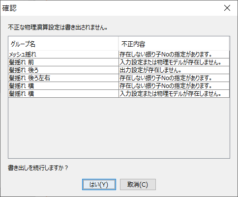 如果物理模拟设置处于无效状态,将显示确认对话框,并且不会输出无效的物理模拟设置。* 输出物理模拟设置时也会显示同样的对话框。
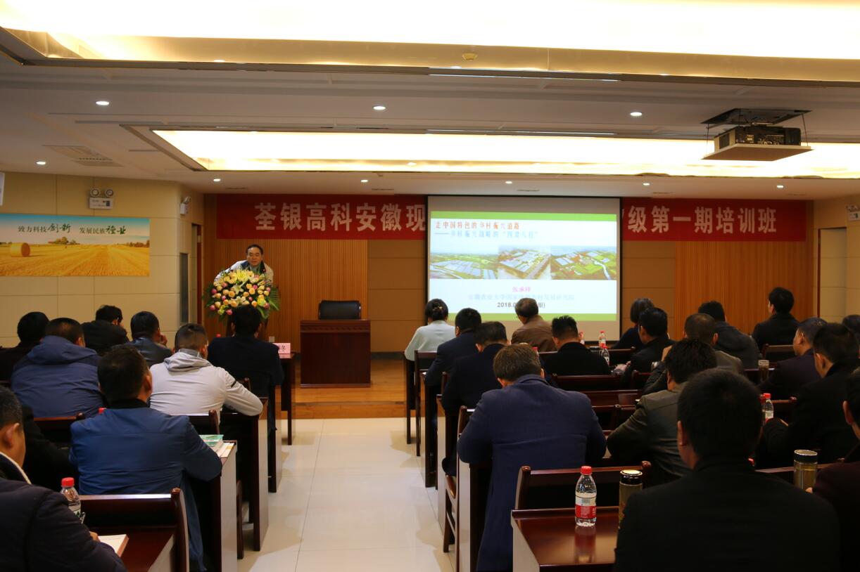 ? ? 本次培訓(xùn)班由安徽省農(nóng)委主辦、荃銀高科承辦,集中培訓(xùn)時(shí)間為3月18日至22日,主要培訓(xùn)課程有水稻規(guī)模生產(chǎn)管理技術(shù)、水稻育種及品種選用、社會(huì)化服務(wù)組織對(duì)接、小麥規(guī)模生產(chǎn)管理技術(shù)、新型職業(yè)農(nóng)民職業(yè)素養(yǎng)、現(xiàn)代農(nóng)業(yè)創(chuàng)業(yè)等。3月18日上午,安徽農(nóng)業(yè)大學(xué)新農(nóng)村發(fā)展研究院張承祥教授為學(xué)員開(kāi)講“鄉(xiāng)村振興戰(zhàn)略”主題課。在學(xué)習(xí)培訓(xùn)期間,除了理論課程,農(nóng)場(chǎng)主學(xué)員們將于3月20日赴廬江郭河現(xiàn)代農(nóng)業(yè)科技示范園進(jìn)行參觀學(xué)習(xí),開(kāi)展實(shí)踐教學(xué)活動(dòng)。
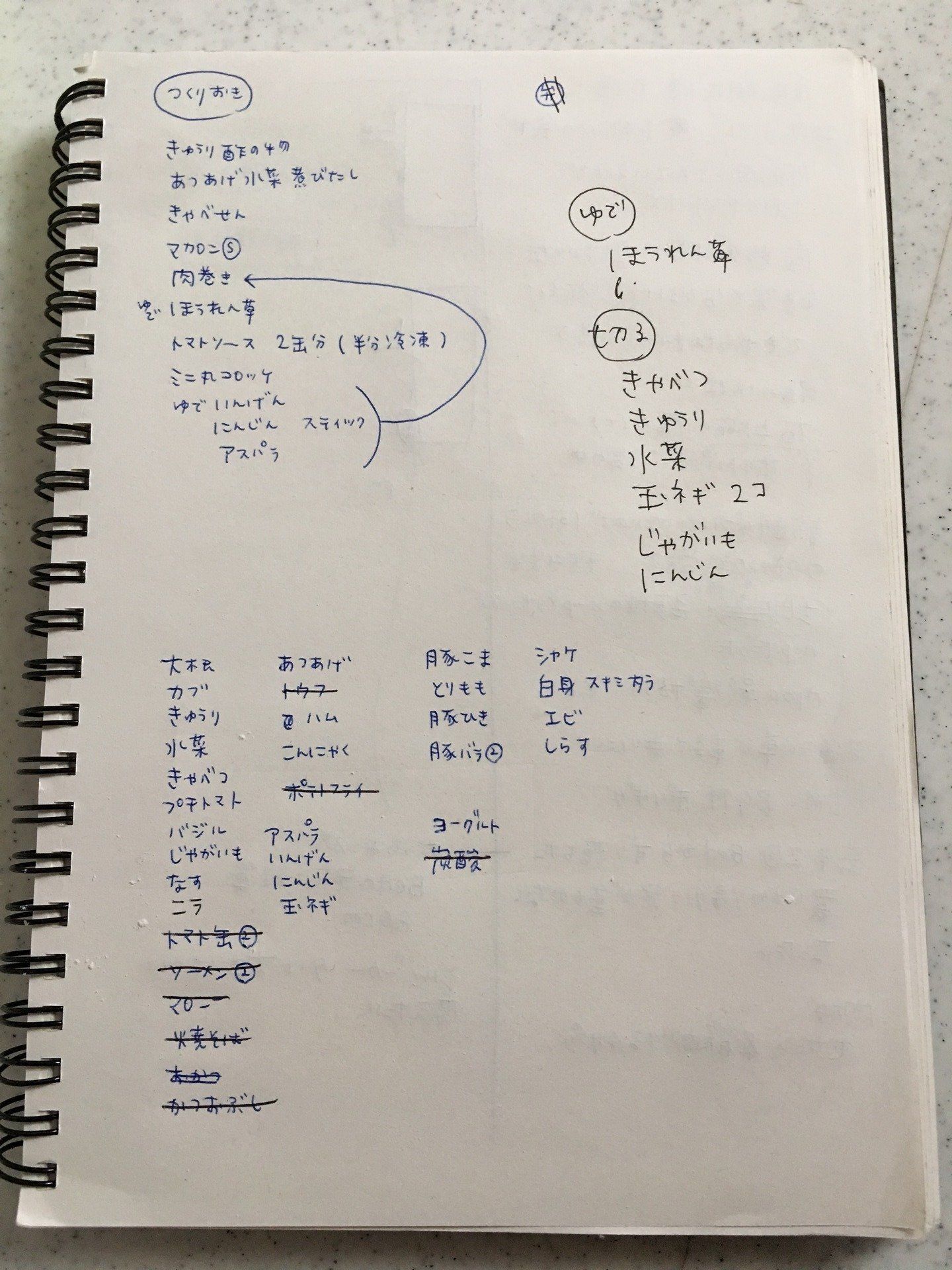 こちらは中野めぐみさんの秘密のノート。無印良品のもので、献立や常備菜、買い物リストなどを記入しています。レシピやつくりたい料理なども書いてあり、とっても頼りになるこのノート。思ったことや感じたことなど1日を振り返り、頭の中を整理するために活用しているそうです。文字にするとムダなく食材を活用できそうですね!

---

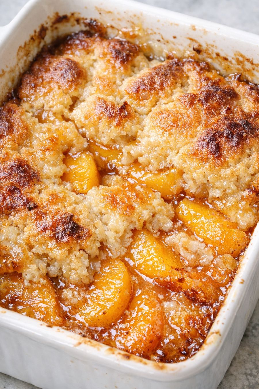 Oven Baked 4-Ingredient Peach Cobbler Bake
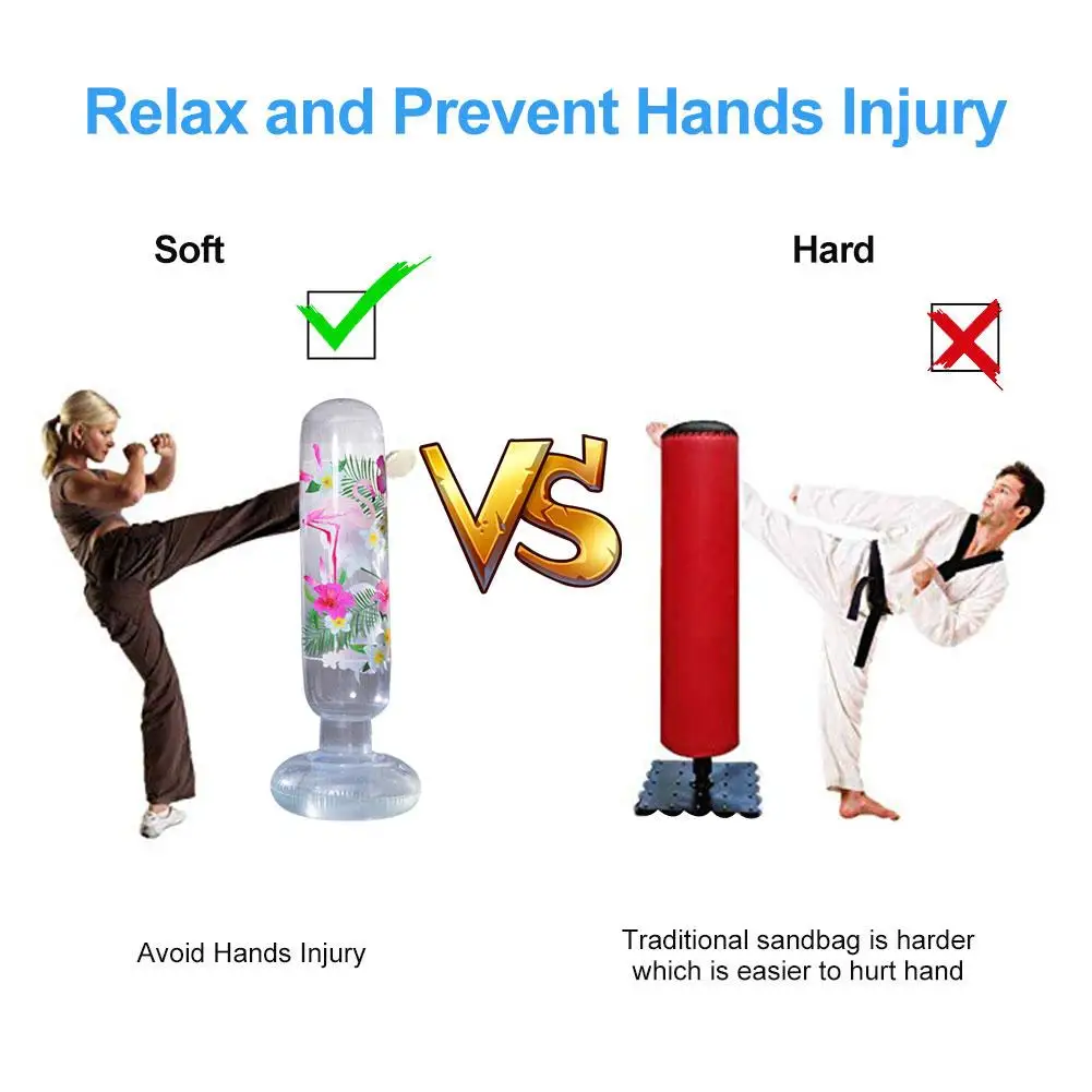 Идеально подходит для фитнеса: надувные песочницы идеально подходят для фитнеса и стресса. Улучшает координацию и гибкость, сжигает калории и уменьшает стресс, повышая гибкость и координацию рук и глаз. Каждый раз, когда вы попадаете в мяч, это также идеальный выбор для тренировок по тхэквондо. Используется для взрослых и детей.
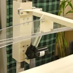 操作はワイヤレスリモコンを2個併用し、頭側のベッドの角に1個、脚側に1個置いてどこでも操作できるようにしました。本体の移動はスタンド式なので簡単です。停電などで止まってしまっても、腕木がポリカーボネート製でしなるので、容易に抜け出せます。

Task requirements -> Start with the line above containing "如果物理模拟设置处于无效状态" and end with the line containing "こちらは中野めぐみさんの秘密". Set down that stretch exactly, without any pictures.

Answer to this task ->
 如果物理模拟设置处于无效状态,将显示确认对话框,并且不会输出无效的物理模拟设置。* 输出物理模拟设置时也会显示同样的对话框。
 ? ? 本次培訓(xùn)班由安徽省農(nóng)委主辦、荃銀高科承辦,集中培訓(xùn)時(shí)間為3月18日至22日,主要培訓(xùn)課程有水稻規(guī)模生產(chǎn)管理技術(shù)、水稻育種及品種選用、社會(huì)化服務(wù)組織對(duì)接、小麥規(guī)模生產(chǎn)管理技術(shù)、新型職業(yè)農(nóng)民職業(yè)素養(yǎng)、現(xiàn)代農(nóng)業(yè)創(chuàng)業(yè)等。3月18日上午,安徽農(nóng)業(yè)大學(xué)新農(nóng)村發(fā)展研究院張承祥教授為學(xué)員開(kāi)講“鄉(xiāng)村振興戰(zhàn)略”主題課。在學(xué)習(xí)培訓(xùn)期間,除了理論課程,農(nóng)場(chǎng)主學(xué)員們將于3月20日赴廬江郭河現(xiàn)代農(nóng)業(yè)科技示范園進(jìn)行參觀學(xué)習(xí),開(kāi)展實(shí)踐教學(xué)活動(dòng)。
 こちらは中野めぐみさんの秘密のノート。無印良品のもので、献立や常備菜、買い物リストなどを記入しています。レシピやつくりたい料理なども書いてあり、とっても頼りになるこのノート。思ったことや感じたことなど1日を振り返り、頭の中を整理するために活用しているそうです。文字にするとムダなく食材を活用できそうですね!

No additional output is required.